Дядя Митяй в наших краях был лучшим охотником. На медведя ходил, на кабана, и ни разу не возвращался без добычи. Вы медведя, знать, и не пробовали? Так он ничем не хуже говядины, крольчатины, и гораздо лучше зайца. Заяц, он жесткий, мышцы одни, а медведь нет. Он к спячке нагуливает жиру, чтобы зиму переждать спокойно. Медведь-то не спит зимой, на самом деле, а только дремлет на нажранном. Дядя Митяй рассказывал, как провалился в берлогу, а там молодой медведь на него смотрит. Застрелил в упор, запорол издыхающего, взял грех на душу. Хорошо, не самка оказалась, а то бы и медвежат пришлось, а ведь нехорошо это: медвежат...
Концарёв хлопал ладонью по задней стенке мобильника, но тот работать отказывался. То ли батарея сгорела, то ли еще что.
− А номеров не помню, − шипел Концарёв. − Сука! Сука!
Пустодомкину было не до телефонов. Он вновь открыл папку и дополнял и без того обширное досье Ивана-председателя подробностями. Арестованный отвечал охотно, ничего не таил, словно и собственный крах, и близость смерти не имели для него значения. Его насмешливый голос очень скоро начал раздражать меня. Робость перед столетиями, пролетевшими кровавым всполохом перед Ивановыми глазами, отступила, захотелось выдрать, выцарапать из черной души все до мельчайшей детали.
− Я так-то готов. − Я тронул Концарёва за локоть.
− Готов? Так действуй. Володь, оставь пока товарища председателя, ты-то всегда успеешь.
− Успею, − согласился Пустодомкин.
Взвизгнула молния на папке. Пустодомкин встал, расправил затекшие плечи, хлопнул меня по спине.
− Ни пуха.
− К черту.
− Ко мне-ко мне, − добродушно подтвердил председатель. − На одной сковородочке шипеть будем, друг Колька.

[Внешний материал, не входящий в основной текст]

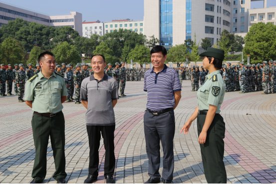 9月22—23日,校领导郭军、刘和云、刘铁峰等人在武保处、宣传部等部门负责人的陪同下,检查了2016级新生军训,并对军训工作做了具体指导。

Имя мое он, конечно же, знал. Прочитал, едва признал равного себе. Закрываться друг от друга пожиратели памяти не способны, так что, садясь напротив, я готовился не только забирать, но и отдавать. Понимал и то, что прежде всего мое личное выведает Иван. Ну и пусть! Все равно недолго ему этими знаниями владеть. Я выбросил из головы все лишние мысли и взглянул в бесцветные глаза председателя.

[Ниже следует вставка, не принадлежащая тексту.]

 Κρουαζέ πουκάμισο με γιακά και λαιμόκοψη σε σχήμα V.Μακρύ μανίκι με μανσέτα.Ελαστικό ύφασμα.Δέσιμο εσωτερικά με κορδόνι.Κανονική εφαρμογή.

Рос я не по дням, а по часам. Мать хлыстом били. Уходили парни в солдаты, а я смотрел на молодых жен и ждал, губы кривя, когда заберут их на свои лавки бородатые стареющие свекры. Уже мальцом знал все и понимал, и любую беду в себя впитывал. А ты?
А меня родители любили, да и времена мои легче твоих. Не знал я неволи, некому и мстить было, а горе разве что по телевизору видел, если включал раньше мультиков.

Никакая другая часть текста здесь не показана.